In the 01-data-access example we show how Dask Dataframes can read and store data in many of the same formats as Pandas dataframes. One key difference, when using Dask Dataframes is that instead of opening a single file with a function like pandas.read_csv, we typically open many files at once with dask.dataframe.read_csv. This enables us to treat a collection of files as a single dataset. Most of the time this works really well. But real data is messy and in this notebook we will explore a more advanced technique to bring messy datasets into a dask dataframe.

Start Dask Client for Dashboard

Starting the Dask Client is optional. It will provide a dashboard which is useful to gain insight on the computation.

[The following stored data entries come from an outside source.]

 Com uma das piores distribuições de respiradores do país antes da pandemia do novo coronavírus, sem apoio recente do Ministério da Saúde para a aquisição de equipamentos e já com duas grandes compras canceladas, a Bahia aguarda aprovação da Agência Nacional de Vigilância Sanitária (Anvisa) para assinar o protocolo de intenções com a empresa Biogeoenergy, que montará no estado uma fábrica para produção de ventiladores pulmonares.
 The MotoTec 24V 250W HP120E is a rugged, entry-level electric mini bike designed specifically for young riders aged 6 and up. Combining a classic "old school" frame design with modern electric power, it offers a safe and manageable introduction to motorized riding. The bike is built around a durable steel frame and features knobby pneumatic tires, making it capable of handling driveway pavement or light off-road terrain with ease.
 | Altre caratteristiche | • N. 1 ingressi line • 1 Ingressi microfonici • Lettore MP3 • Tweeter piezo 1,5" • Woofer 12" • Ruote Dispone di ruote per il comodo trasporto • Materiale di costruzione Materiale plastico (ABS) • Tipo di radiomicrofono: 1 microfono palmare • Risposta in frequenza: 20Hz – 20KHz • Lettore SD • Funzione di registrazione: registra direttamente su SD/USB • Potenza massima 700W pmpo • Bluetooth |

The link to the dashboard will become visible when you create the client below. We recommend having it open on one side of your screen while using your notebook on the other side. This can take some effort to arrange your windows, but seeing them both at the same is very useful when learning.

[1]:
from dask.distributed import Client
client = Client(n_workers=1, threads_per_worker=4, processes=True, memory_limit='2GB')
client
[1]:

Client

Client-26d54db6-d520-11ec-a232-000d3aeabb7a

Connection method: Cluster object Cluster type: distributed.LocalCluster
Dashboard: http://127.0.0.1:8787/status

Cluster Info

Create artificial dataset

First we create an artificial dataset and write it to many CSV files.

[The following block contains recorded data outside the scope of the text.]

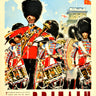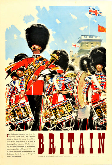 Original vintage travel poster for Britain featuring a colourful image of The Coldstream Guards in full uniform marching towards the viewer in a ceremonial parade playing music on drums in front of a building flying the Union Jack, Royal and English flags against the blue sky background with the bold red lettering and information text below - The Coldstream Guards are one of the five regiments which form Her Majesty's Brigade of Guards. No army in the world can boast of finer troops than are to be found in these magnificent regiments... Artwork by the French artist Albert Brenet (1903-2005). Good condition, stain on top margin, light creasing, tears on edges.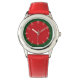 Versier je pols in stijl met dit horloge met een tweekleurige rode en groene gezicht en witte cijfers.
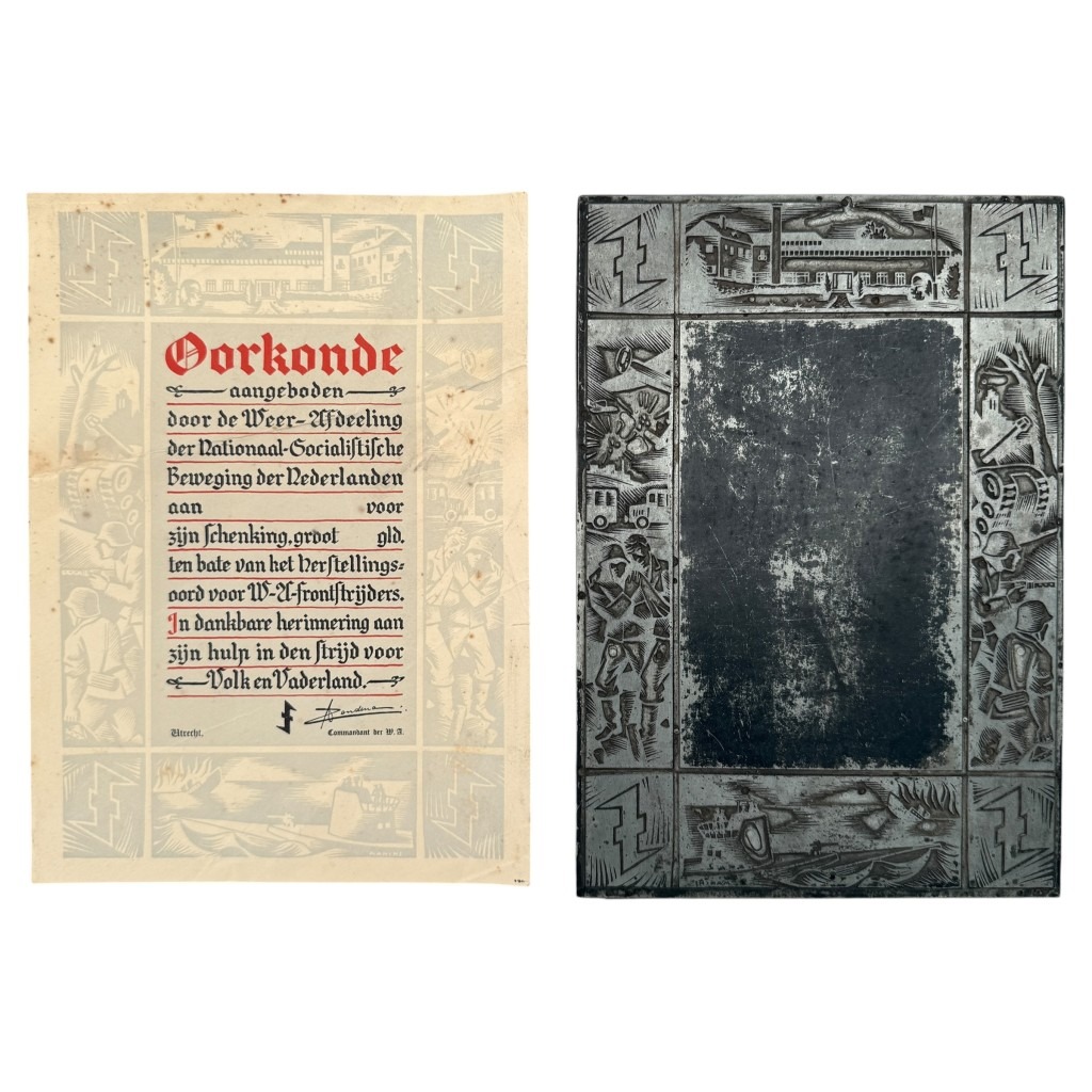The combination of both the printed certificate and the authentic printing plate makes this an exceptionally rare and historically valuable collector’s item within the field of Dutch collaboration memorabilia!

You don’t need to understand this section, we’re just creating a dataset for the rest of the notebook.

[2]:
import dask
df = dask.datasets.timeseries()
df
[2]:
Dask DataFrame Structure:
id name x y
npartitions=30
2000-01-01 int64 object float64 float64
2000-01-02 ... ... ... ...
... ... ... ... ...
2000-01-30 ... ... ... ...
2000-01-31 ... ... ... ...
Dask Name: make-timeseries, 30 tasks
[3]:
import os
import datetime

if not os.path.exists('data'):
    os.mkdir('data')

def name(i):
    """ Provide date for filename given index

    Examples
    --------
    >>> name(0)
    '2000-01-01'
    >>> name(10)
    '2000-01-11'
    """
    return str(datetime.date(2000, 1, 1) + i * datetime.timedelta(days=1))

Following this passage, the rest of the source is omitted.